Mastodon Streaming to Pulsar via Python

Python, Pulsar, Mastodon, Streaming, Real-Time, Events, Filtering

Source: https://github.com/tspannhw/pulsar-mastodon-sink

Mastodon listener in Python streams to Pulsar

Ideally, the next step is either Apache Flink SQL or Apache Pinot and then some analytics with say Apache SuperSet. I am debating what to do with this data. I may add a full data pipeline with multiple Pulsar functions or could run some ML in Flink. I could stream it to a Pulsar sink that stores it to DeltaLake or Apache Iceberg. It would be interesting to run some NLP or ML on it or even feed it to ChatGPT.

I asked ChatGPT what I should do.

How should I process Mastodon social feeds with Apache Pulsar?

Can I stream Mastodon streaming data to Pulsar and then to Flink SQL for real-time analytics? If so, can you build me a SQL application that does that and joins it with another stream that is relevant.

write an application that streams mastodon streaming events to Apache Pulsar and aggregates # of toots with Flink SQL

I’m sorry, I am not able to write a full-fledged application as it’s beyond the scope of my abilities and it would require a lot of resources and knowledge of your specific use-case and environment. However, I can provide you with a rough skeleton of how such an application could be built.

Here is a skeleton of a Flink job that streams Mastodon data from Pulsar and aggregates the number of toots using Flink SQL:

import org.apache.flink.streaming.api.scala._
import org.apache.flink.table.api.{EnvironmentSettings, Table}
import org.apache.flink.table.api.scala._

object MastodonTootCount {
  def main(args: Array[String]): Unit = {
    val env = StreamExecutionEnvironment.getExecutionEnvironment
    val settings = EnvironmentSettings.newInstance().useBlinkPlanner().inStreamingMode().build()
    val tEnv = StreamTableEnvironment.create(env, settings)
// Connect to the Pulsar source, consume data from the topic and convert it to a DataStream
    val mastodonStream: DataStream[MastodonEvent] = env.addSource(new PulsarSource[MastodonEvent](...))
    // Convert the DataStream to a Table
    val mastodonTable: Table = tEnv.fromDataStream(mastodonStream)
    // Register the table in the TableEnvironment
    tEnv.registerTable("mastodon", mastodonTable)
    // Define the SQL query to aggregate the number of toots
    val tootCount: Table = tEnv.sqlQuery("SELECT COUNT(*) FROM mastodon WHERE event_type = 'toot'")
    // Convert the result to a DataStream and print it
    val tootCountStream: DataStream[Long] = tEnv.toRetractStream[Long](tootCount).map(_._2)
    tootCountStream.print()
    env.execute("Mastodon Toot Count")
  }
}

This is just a skeleton, you would need to fill in the details such as Pulsar configuration, data mapping and the specific logic for your use case. It’s important to note that this example uses the Flink Table and SQL API and assumes that the data received from Mastodon is of type MastodonEvent and has an event_type field, also it only considers toots and doesn’t cover other possible events. It would be beneficial to have a more detailed understanding of Mastodon’s streaming API, Pulsar’s features, and Flink’s SQL capabilities before proceeding.

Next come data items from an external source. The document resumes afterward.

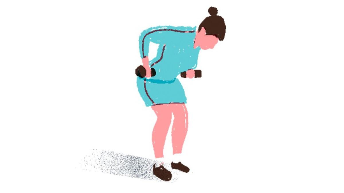 Flexione las rodillas e inclínese con el tronco recto. Con las mancuernas al frente reme elevando los codos hacia el techo. Lo más importante es el movimiento de los codos llevando el peso a la parte más baja de la cintura.
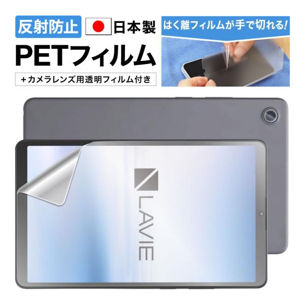- ■反射防止 ノングレア画面保護フィルム3 対応端末 ●LAVIE Tab T8 (8.7型 2025年夏モデル) ・NEC LAVIE Tab T8 T0855/KAS (PC-T0855KAS) 店頭モデル ・NEC LAVIE Tab T8 TAB08/H05 (PC-TAB08H05) Web限定モデル 特長●ガラスフィルム以外を探している方に最適!非ガラスフィルムのPETフィルムガラス以外の保護フィルムをお探しの方にもおすすめの、“非ガラス”タイプのフィルムです。ガラスじゃない素材なので、ガラスフィルム特有の厚みや割れの心配がありません。素材は、柔らかいPET材(ポリエチレンテレフタレート)を使用しています。 ガラスフィルムじゃないため、軽くて割れにくく、普段使いにぴったりのフィルムです。 ●はく離フィルムについて 本品のはく離フィルム(離型フィルム)は、手でカットすることができます。 貼り付けの際に短辺左右の切れ込みからはく離フィルムの一部分をカットすることで位置決めがしやすく、 貼りやすくなりました。 ●フィルムの貼り付け方 【1】はく離フィルムの短辺部にある切れ込み部分から、はく離フィルムをカットして画面に貼り付けができます。 【2】先に貼り付けた部分が剥がれてしまわないように指で押さえながら、残りのはく離フィルムを全て剥がし、ゆっくりと貼り付けることで、簡単・綺麗に貼り付けができます。 詳しくは「フィルムの貼り付け方」説明書をご参照のうえ、お貼り付けください。 セット内容 ・メインディスプレイ用フィルム 1シート ・アウトカメラ用保護フィルム 1シート ・クリーナーセット ・「フィルムの貼り付け方」説明書 1枚 型番 NGB-T0855K-Z JAN 4997604031256 備考 Made in Japan 日本製 注意事項 ※2,500円未満は代金引換不可 ※1日程度で気泡が消失しない場合、指の腹で気泡を押しつぶす様に上下左右に優しく擦ると消失する場合があります。 大きめのホコリがはさまって気泡ができている場合は、セロハンテープなどでホコリを取り除いてください。 ※メインディスプレイ用以外はノングレア液晶保護フィルム3ではありません。 ※記載されている会社名、製品名、ロゴなどは一般に各社の商標または登録商標です。 ※フィルムの形状等の仕様については、品質向上のため予告なく変更する事があります。 ※フィルムのイラストはイメージです。 ※比較画像は全て実写です。 お役立ちコンテンツ 検索キーワード:T0855 T0855K T0855KAS T0855/KAS TAB08/H05 LAVIE Tab T8 LAVIETabT8TabT8 8.7インチ 2025 2025年 8.7型 2025年夏モデル ラビエ ラヴィ ラビ NEC エヌイーシー アンドロイド アンドロイドタブ アンドロイドタブレット
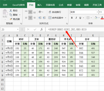 表格中需要分别把计划销量和实际销量进行求和,我们可以用一个个加起来,也可以用下面的公式:
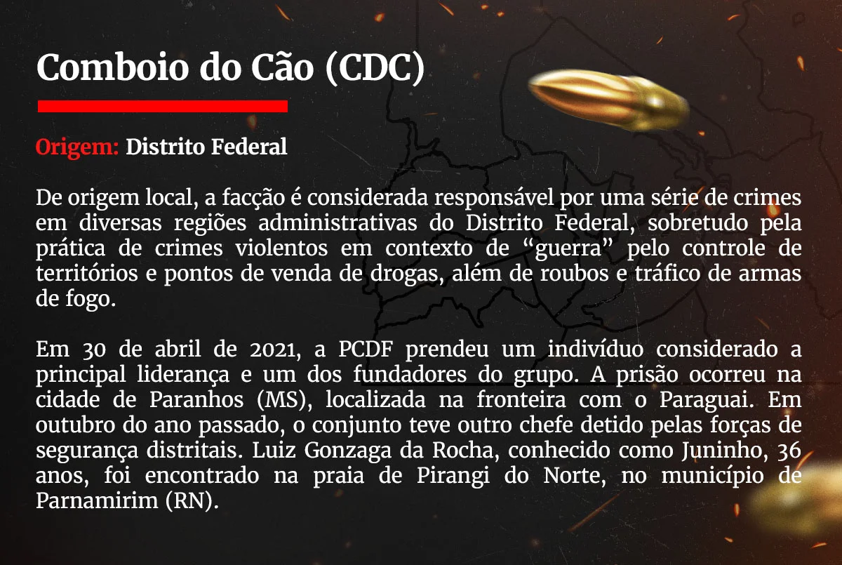 O principal atuante na capital é o Comboio do Cão (CDC). Por alguns anos, o grupo criminoso, que se originou no Distrito Federal, atuou de maneira quase isolada dentro dos limites da capital da República. No entanto, as facções nacionais aumentaram sua teia de influência e chegaram a Brasília e seus arredores, e tentam a continuar a crescer.
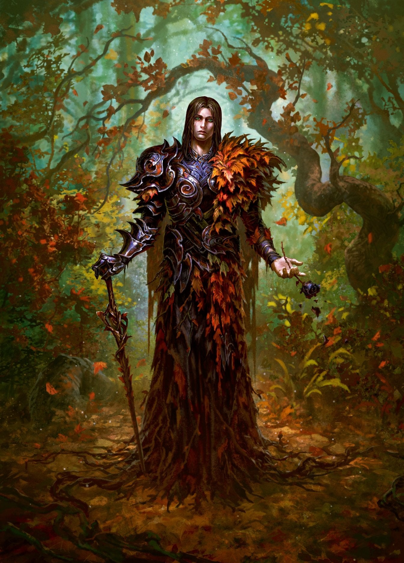 This is a set of 9 art cards that make up Florian, Rotwood Harbinger.

For now, I am happy to get and stream the data as it streams through Mastondon.social. As a test I am publishing content that meets my simple filter. It will be posted here https://mastodon.social/@PaaSDev

I saw an example of using NodeJS to stream Mastodon from Aiven and thought that looked fun. https://aiven.io/blog/mastodon-kafka-js I wanted to do this in Python as that is a good language for Data Processing, Machine Learning, Pulsar, Kafka, Spark and other things. Perhaps next time I will use JavaScript, Go, C# or Java. If you have a suggestion drop it in a comment.

Let’s look at the Python JSon Schema I setup for Pulsar.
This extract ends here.